Kegagalan seruan UNICEF kepada dunia guna melindungi anak-anak di Palestina tidak terlepas dari ikatan nasionalisme.
Oleh. Firda Umayah
(Tim Penulis Inti NarasiPost.Com/Penulis Derap Dakwah Umayah)
NarasiPost.Com-UNICEF atau organisasi internasional untuk perlindungan anak kembali menyerukan evakuasi perawatan medis bagi anak-anak di Palestina. Seruan ini dilontarkan mengingat Israel melarang evakuasi medis tersebut sehingga anak-anak di sana merasa kesakitan bahkan meninggal. Tercatat lebih dari 300 anak tiap bulan menjadi korban serangan Israel. Meskipun anak-anak menjadi korban, Israel tetap melancarkan aksinya. Hal ini karena Israel sedang melakukan genosida di wilayah tersebut. (suaraislam.id, 28-10-2024)
Kegagalan Seruan UNICEF
Seruan UNICEF agar anak-anak di Palestina mendapatkan perlindungan tidak terjadi hanya kali ini. Sejak 2023, organisasi tersebut telah mengeluarkan tanda bahaya dalam serangan yang terjadi di Palestina. Anak-anak tidak hanya menjadi korban atas serangan brutal Israel, tetapi juga menjadi korban atas ketiadaan penanganan medis untuk mereka. Nahasnya, seruan yang digaungkan oleh lembaga itu tidak mendapatkan respons dari Israel dan dunia.
Ya, di tengah penjajahan yang menimpa muslim di Palestina, anak-anak turut menderita dengan segala kondisi yang terjadi di sana. Serangan Israel menyebabkan mereka harus mengungsi mencari keamanan. Anak-anak juga mengalami kekurangan stok pangan, obat-obatan, dan air bersih. Kekerasan fisik dan kehilangan hak pendidikan turut mereka rasakan. Tidak hanya tewas, ribuan anak telah ditahan, ditelantarkan, mengalami trauma, dan menjadi yatim piatu. Sungguh, penderitaan yang mereka rasakan sangat tidak pantas untuk diterima.

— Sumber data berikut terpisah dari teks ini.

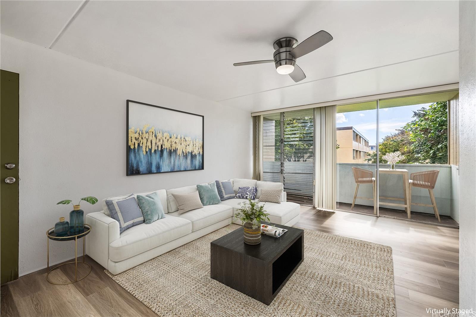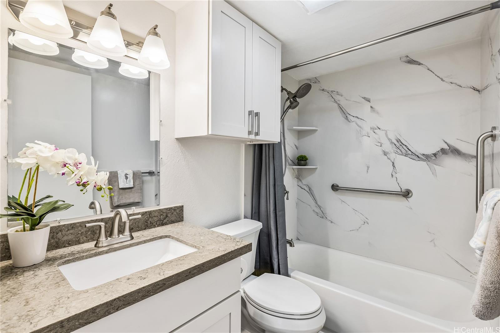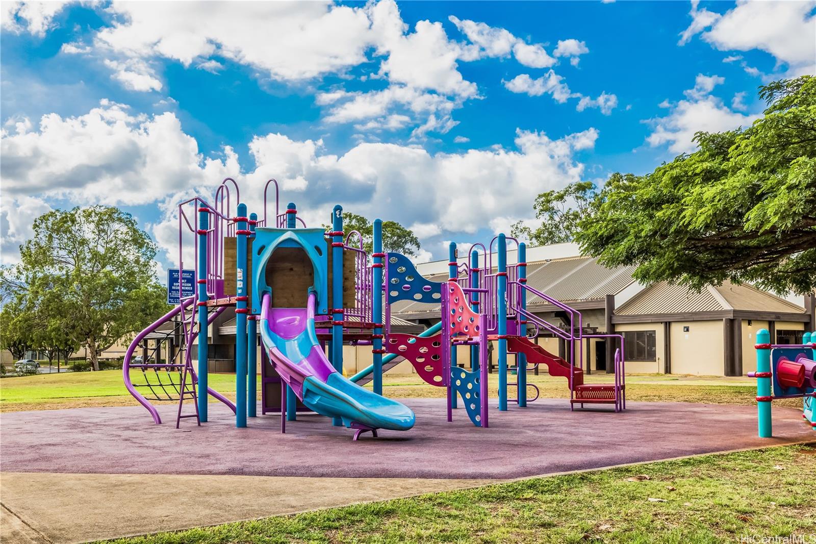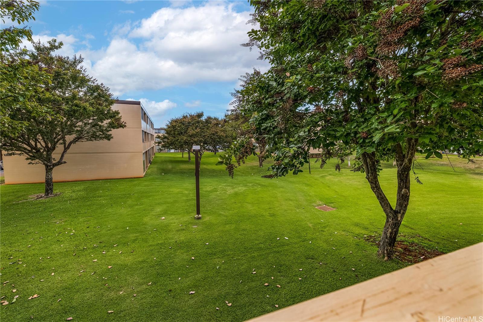 his charming 2 bedroom, 1 bath home is move-in-ready and located in the desirable community of Mililani. You will love the open concept kitchen with upgraded cabinets, quartz countertops, stainless steel appliances, tankless water heater, new luxury vinyl plank flooring, washer/dryer, assigned parking and additional guest parking for visitors. Enjoy cool evenings sitting on your lanai overlooking the grassy courtyard. Hokuahi Apartments is pet friendly, VA eligible, convenient to Safeway, Longs, schools, shopping, theater, and restaurants. Your association fees include access to the Mililani Neighborhood Recreation Centers! The photos have been virtually staged. Please watch the video!

Kegagalan seruan UNICEF untuk melindungi dan menyelamatkan anak-anak di Palestina sangat terlihat dari abainya negara-negara di dunia, khususnya negeri-negeri muslim, terhadap kondisi yang menimpa Palestina. Kegagalan ini merupakan bukti bahwa sebuah seruan tidak akan mampu menghentikan tindakan penjajahan. Genosida Israel hanya dapat dihentikan dengan aktivitas nyata yaitu dengan melakukan serangan balik dan mengusir penjajah dari wilayah tanah jajahannya.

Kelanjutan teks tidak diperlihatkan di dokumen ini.